The 47-year-old wife and mother of two grown children lives in Kansas, but has been traveling to Grand Forks on a regular basis since February to help the short-staffed dispatch center.
Hillman is what is referred to as a dispatcher on demand. She is the first ever traveling dispatcher in the United States. She has 28 years of experience back home.
“I could go local and do that, but there is something different about helping the helpers,” Hillman said.
The Grand Forks dispatch center was fully staffed until COVID-19. Over the past year they’ve run into their own emergency.

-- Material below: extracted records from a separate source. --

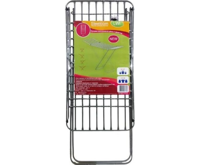 Сушилка для белья напольная складная. Стальной каркас серебристого цвета с антикорозийным полимерным покрытием и усиленными трубочными прутьями большого диаметра 9 мм .Общая рабочая длина прутьев 18 м. Рабочая нагрузка 30 кг. В разложенном виде габариты. 171х55х93 В сложенном виде габариты 55х5х119 вес 3,9 кг пр-во РОССИЯ
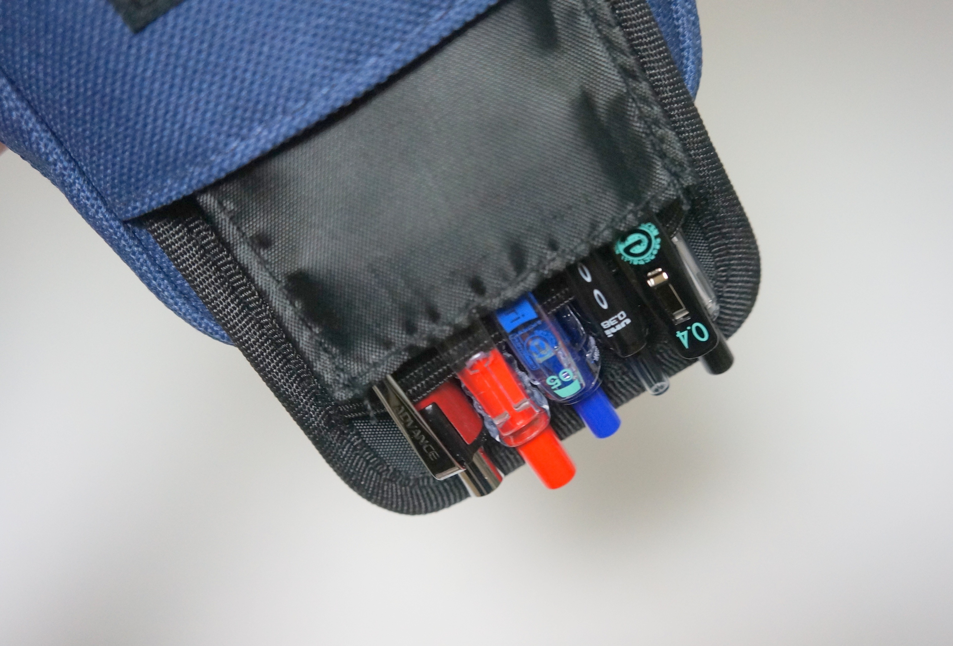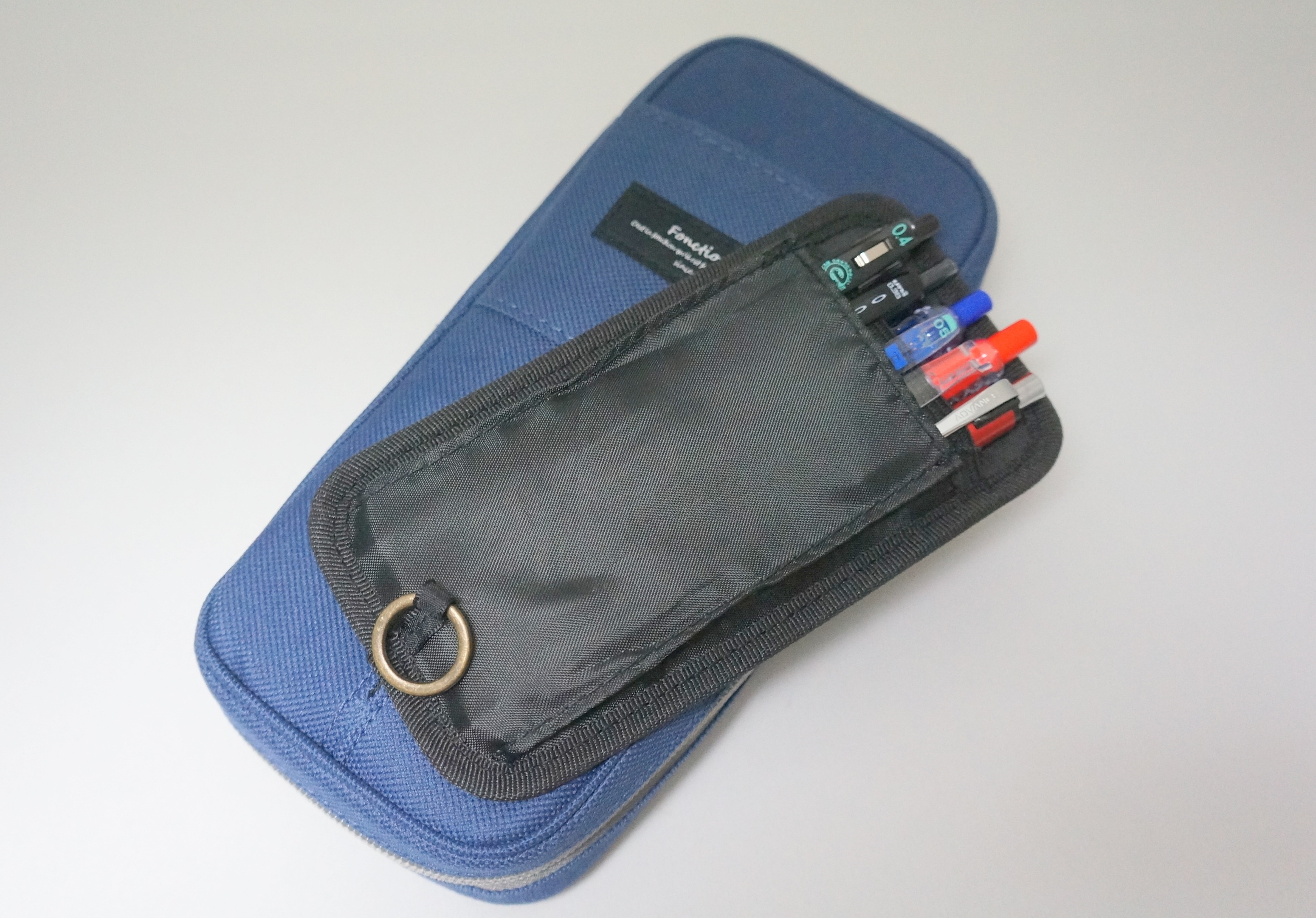 第二のペンケースですが、ポケットの外に出ている輪っかをしまえば、取り外しが可能。つまり、一軍ペンを丸ごと取り外して、ノートやメモ帳と合わせて持ち運ぶ使い方もできるのです。
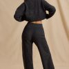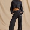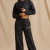 Mid-Rise Wide-Leg Joggers in Charcoal Marl
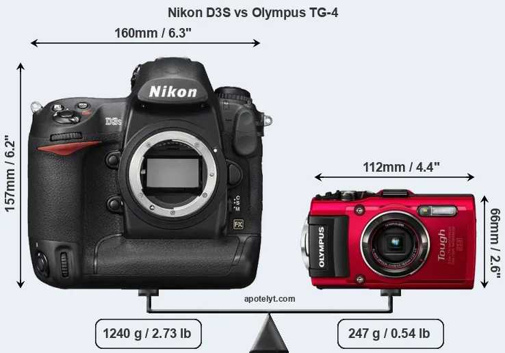 An illustration of the physical size and weight of the Nikon D3S and the Olympus TG-4 is provided in the side-by-side display below. The two cameras are presented according to their relative size. Three successive views from the front, the top, and the rear are shown. All width, height and depth dimensions are rounded to the nearest millimeter.
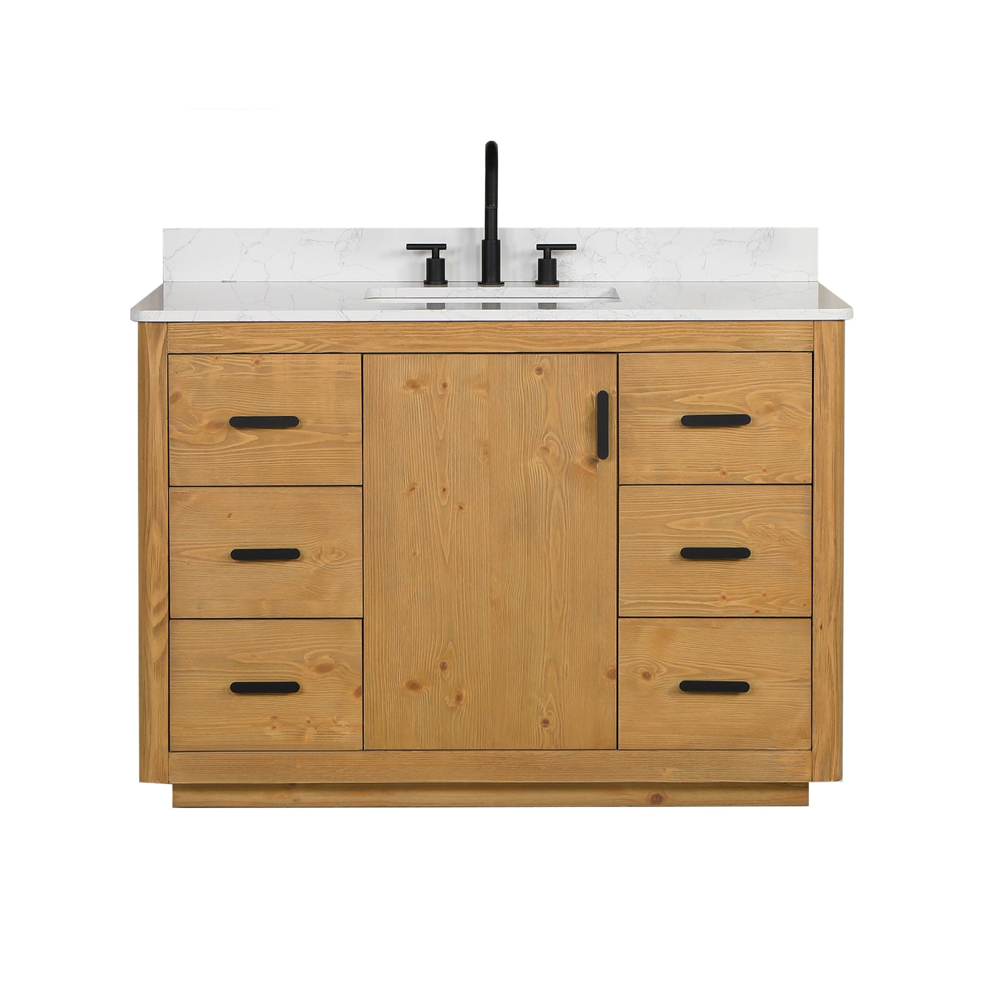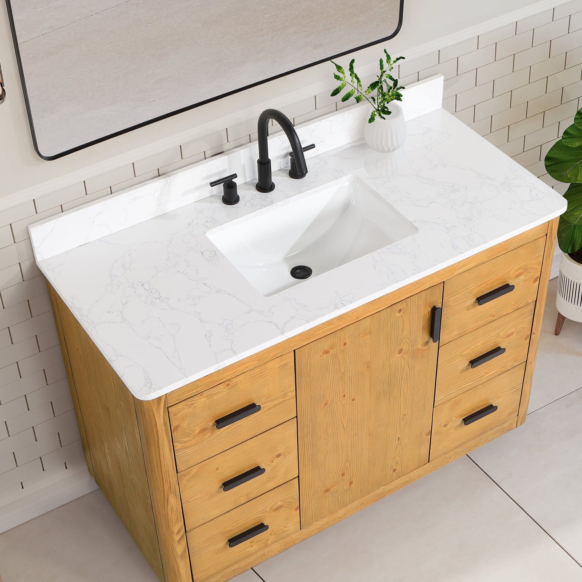 Perla 48" Single Bathroom Vanity with Grain White Composite Stone Countertop
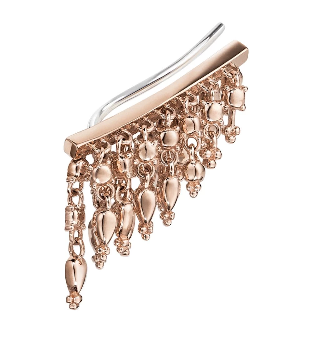 The secret to a well-curated ear lies in the unexpected and as the creator of the concept, MARIA TASH is the perfect choice to realise this vision. This glistening rose gold climber – with adjustable wire –is designed to follow the curvature of your ear, while its delicate tassels lend movement and intrigue befitting the sartorial rebel.
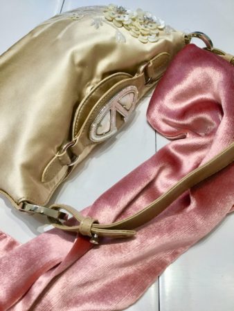 パーティーといえばやはりヴァレンチノは外せないので、もうひとつバッグをご紹介しましょう。ヴァレンチノのロゴに偏光パールを使い、本体にはスパンコールと花の刺繍、サテン素材は上品なシャンパンゴールド…というどこまでもロマンティックなヴァレンチノなのです。
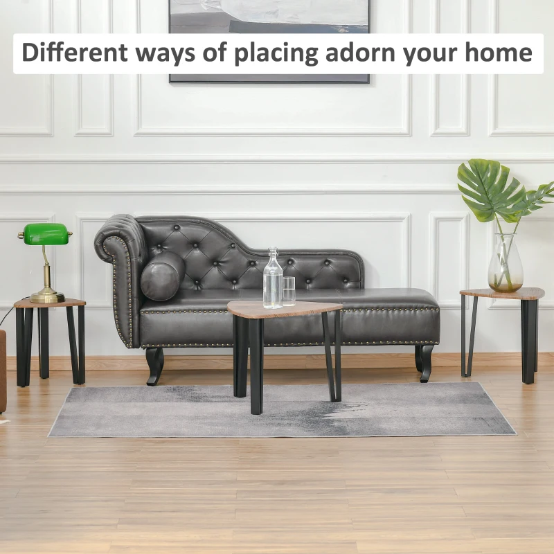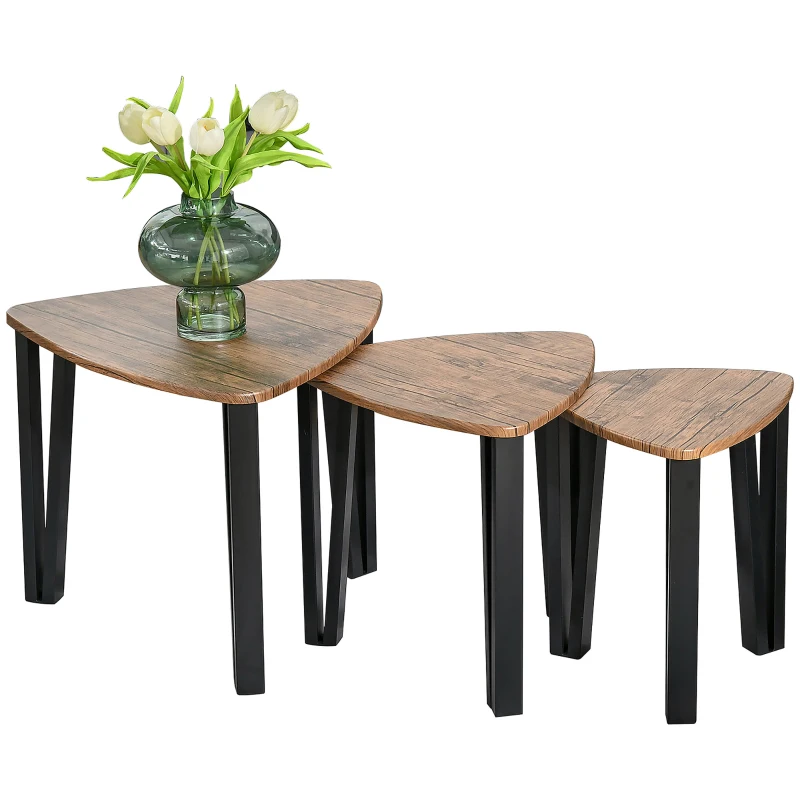 THREE PIECE SET: Comprised of a large, medium and small triangle table, these nesting tables give you plenty of space for magazines, cups, plates and storage etc. Trio creates a unique and beautiful focal point. || ‘V’ SHAPED PEG LEGS: Placed on each corner in a double shape for extra sturdiness and stability for the end tables, with foot pads to protect the floor from damage. || ASSEMBLY SIMPLIFIED: In an hour, your friends will arrive for a party? Take it easy. The assembly can be completed and snacks set up on these living room tables before the party begins with a simple structure and clear instructions || EASY TO MAINTAIN: Smooth laminated finish for effortless cleaning and resistance to water and damage. STACKABLE: These side tables can be nested together to help save space when not needed. || DIMENSIONS: Small: 41H x 36L x 34Wcm. Medium: 43H x 42L x 43.8Wcm. Large: 45.5H x 56L x 54.2Wcm. MAXIMUM WEIGHT CAPACITY: Weight capacity(each):20 kg. ASSEMBLY REQUIRED.
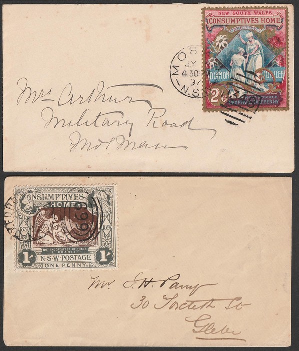 1/- & 2/6 on separate locally addressed covers tied in 1897 (July) in Oxford St & Mosman respectively, odd blemish. SG 280-81 cat £50 & £275 as loose stamps & 'from x2' on cover. (P) (Image1) (Image2)

Currently, only 15 of the 22 positions are filled at the center. That’s why the director agreed to have Grand Forks be the first in the country to bring in traveling dispatchers.
“I’m a solution-based person and I am open to finding solutions that are going to provide the support for my staff,” said Grand Forks Public Safety Answering-Point Director Shannon Lahaise, .
Hillman is one of 80 certified traveling dispatchers covering 12 different agencies across the country.
The program was founded by the Maureen Dieckmann, CEO of Moetivations, after hearing about the staffing crisis nationwide, mostly due to burnout.
“Where they said 82% of the United States 911 centers are (at) 50% staffing or below or 60% and below. So the statistics, depending on which report you’re reading, there’s a significant number of centers,” Dieckmann said.
The thin gold line, the first line of first responders, does more than answer the phone. They relay other critical information to first responders on their way to a call.
Hillman said the hardest part at the beginning was learning the local lingo.
“I came up here a few times. I had rented a car and I was able to drive around Grand Forks, and it all just came together and I understood the city and the landmarks,” said Hillman.
In all the dispatch center in Grand Forks has used about a dozen dispatchers on demand since the program was launched earlier this year, which the director says has gone smoothly.
“It’s like watching an orchestra work together,” Lahaise said.
Hillman is a dispatcher coming to the aid of her brothers and sisters on the thin gold line, but more importantly making sure that your call for help is answered right away.
“(I)f I can be that calm voice in their darkest moment, then to me that’s a save,” said Hillman.
She also fills in at the dispatch center in Portland, Maine.